Et s’il était le ministre de l’Economie de la France, que ferait le banquier du diable ?
Par RST le lundi, 6 avril 2015, 14:21 - Notes de lecture - Lien permanent
C’est la question que 20minutes.fr a posé à l’économiste Jean-François Bouchard, auteur d’une biographie passionnante de Hjalmar Schacht intitulée « Le banquier du diable ». Celui que l’auteur n’hésite pas à qualifier de « plus grand des économistes du XXe siècle » - mais aussi de « salaud ordinaire » - fut indéniablement, grâce à son génie en matière économique et financière, à l’origine de la puissance d’Adolf Hitler auquel il s’opposa ensuite, ce qui lui vaudra d’être déporté en camp de concentration. Dans la deuxième partie de sa vie, il fut l’artisan du succès économique de nombreux pays en voie de développement. Pouvons-nous aujourd’hui tenter d’imaginer, sans pour autant passer pour des nostalgiques du III ème Reich , quelles seraient les recommandations de celui qui sauva à plusieurs reprises l’Allemagne de la ruine ?
Bouchard n’hésite pas à le faire en imaginant que « sa priorité ne serait sans doute pas de restaurer les comptes publics mais de résorber le chômage. Pour atteindre cet objectif, il mettrait au point un véritable plan de guerre au service de la transition énergétique. Il ferait émerger de grandes industries capables de produire des panneaux solaires, des piles à combustibles, etc. La Banque publique d’investissement (BPI) pourrait financer ce plan… A condition de ne pas respecter certains traités européens, qui interdisent aux Etats de financer directement leur économie productive. »
D’autres avant Bouchard
avaient essayé de tirer les leçons du spectaculaire redressement économique de
l’Allemagne mis en œuvre par Schacht. Gabriel Galand et Alain Grandjean y
consacrent un chapitre de leur livre « La monnaie dévoilée » qu’ils
résument ainsi : « L’expérience
allemande de relance de l’économie et de résorption d’un énorme chômage en
quatre ans n’est pas un miracle diabolique e de l’Allemagne nazie. Certes, le
contexte social et politique était très particulier, et il n’est heureusement
pas reproductible. Mais d’un point de vue économique, l’explication de ce
"miracle" tient essentiellement dans une vigoureuse relance par l’Etat,
relance que celui-ci a financée par une création de moyens de paiement, sans
inflation. La réussite est due au mécanisme ingénieux de génération et d’utilisation
de ces moyens de paiement. »
Etrangement, à
aucun moment nos deux auteurs ne nomment ce mécanisme par son nom, les bons
MEFO qui ont constitué, comme l’écrit Bouchard, une masse monétaire bis gagée
en grande partie sur la confiance – clé de la réussite en économie – inspirée
par Hjalmar Schacht. Faut-il conclure de la pudeur apparente de Galand et
Grandjean que certains mots sentaient encore le souffre dans un passé récent ?

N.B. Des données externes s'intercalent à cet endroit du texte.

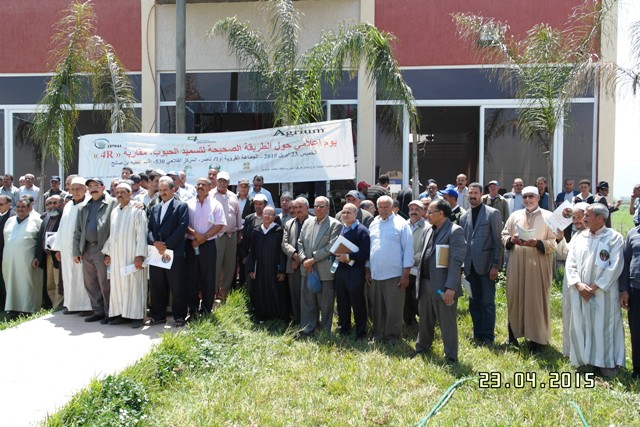اللقاء ،كان بتراب جماعة أولاد ناصر باقليم الفقيه بن صالح، وتمّ تحث اشراف الدكتور محمد الغروص، المدير الاستشاري للمعهد الدولي لتغدية النباتات والمدير الجهوي للبحث الزراعي بسطات، والباحث/ المهندس زايد كيرو ، واستهدف عشرات المزارعين ، الذين تابعوا عن كتب شروحات وتوضيحات دقيقة عن ” الطريقة الصحيحة لتسميد الحبوب” ، باعتبارها ” عملية علمية وتقنية ، تروم إدارة خصوبة التربة بطريقة مندمجة ، وضمان جودة وتحسين مردودية الحبوب”.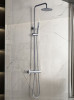 • Ρυθμιζόμενη τηλεσκοπική ορειχάλκινη βέργα ντους 2 εκροών, ύψους 88 cm έως 124 cm από την στάθμη της μπαταρίας, σε χρώμιο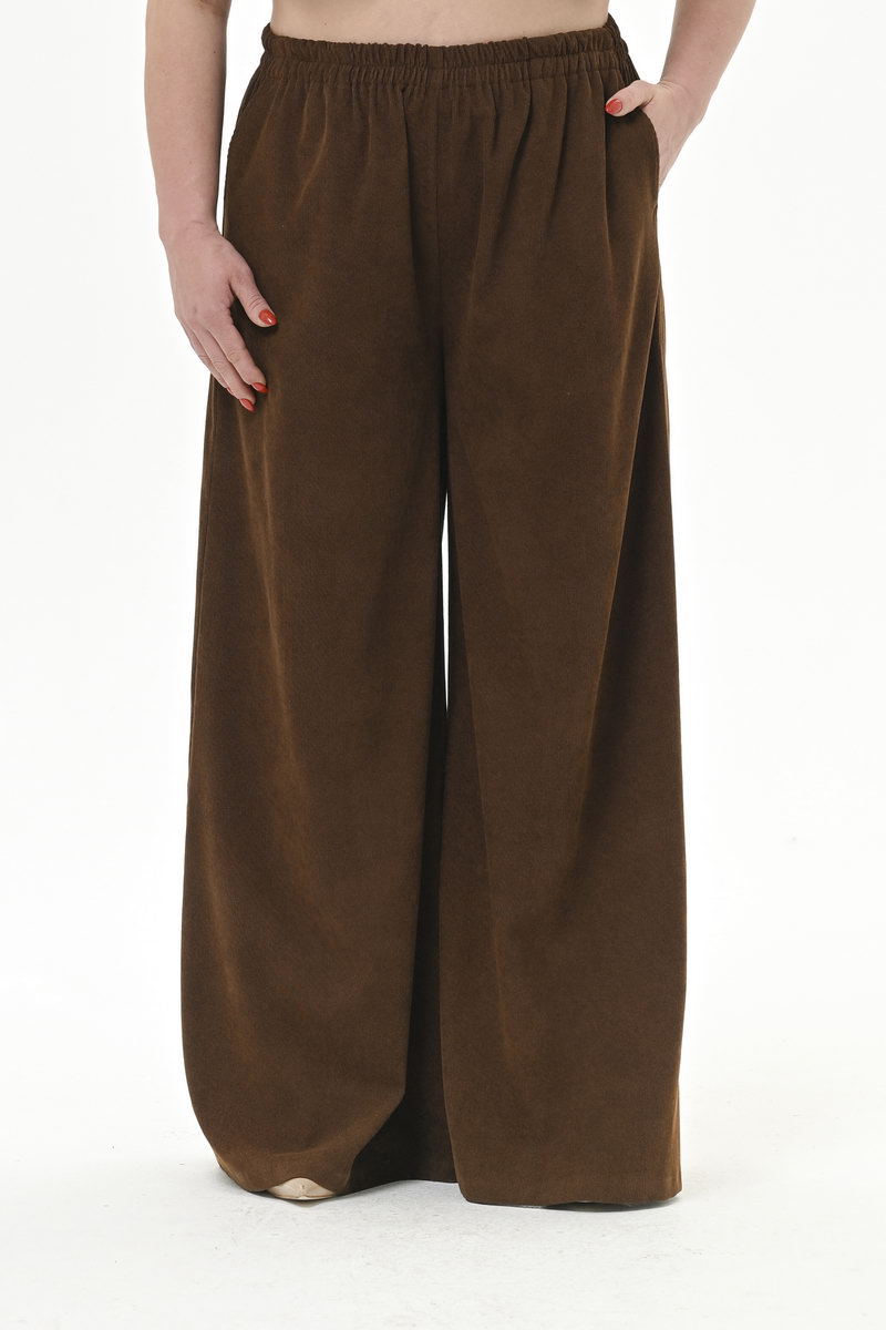 Брюки широкие из вельвета с карманами, цвет "молочный шоколад"

On peut le croire si l’on se réfère à ce texte d’André-Jacques
Holbecq publié sur le blog "Plus loin que Jorion" et dans lequel
il explique comment il a été ostracisé pour avoir osé prétendre traiter ce
sujet dans un de ses livres. Il ne fait pas bon avoir raison avant les autres !
Mais les temps ont changé et il semble que les esprits soient mieux disposés à
entendre ce que le banquier du diable pourrait avoir à nous dire, quant aux
principes élémentaires régissant une politique économique ayant un minimum de
chance de réussir. Cela tient en quelques mots que Bouchard met dans la bouche
de Schacht: « Déterminer quelle
est la priorité ; consacrer tous les moyens possibles et impossibles à la
régler ; avoir une stratégie à moins de cinq ans. Voilà les trois
paramètres d’une équation économique ayant quelques chances de réussir. Et l’on
constate que ces trois paramètres sont tous des questions de timing. CQFD »
Nos dirigeants actuels présentant les mêmes caractéristiques d’incompétence et d’indécision que ceux en place en Allemagne en 1932, espérons seulement que celui qui mettra un jour les principes décrits ci-dessus en pratique, n’entrainera pas l’Europe et le monde dans une nouvelle apocalypse.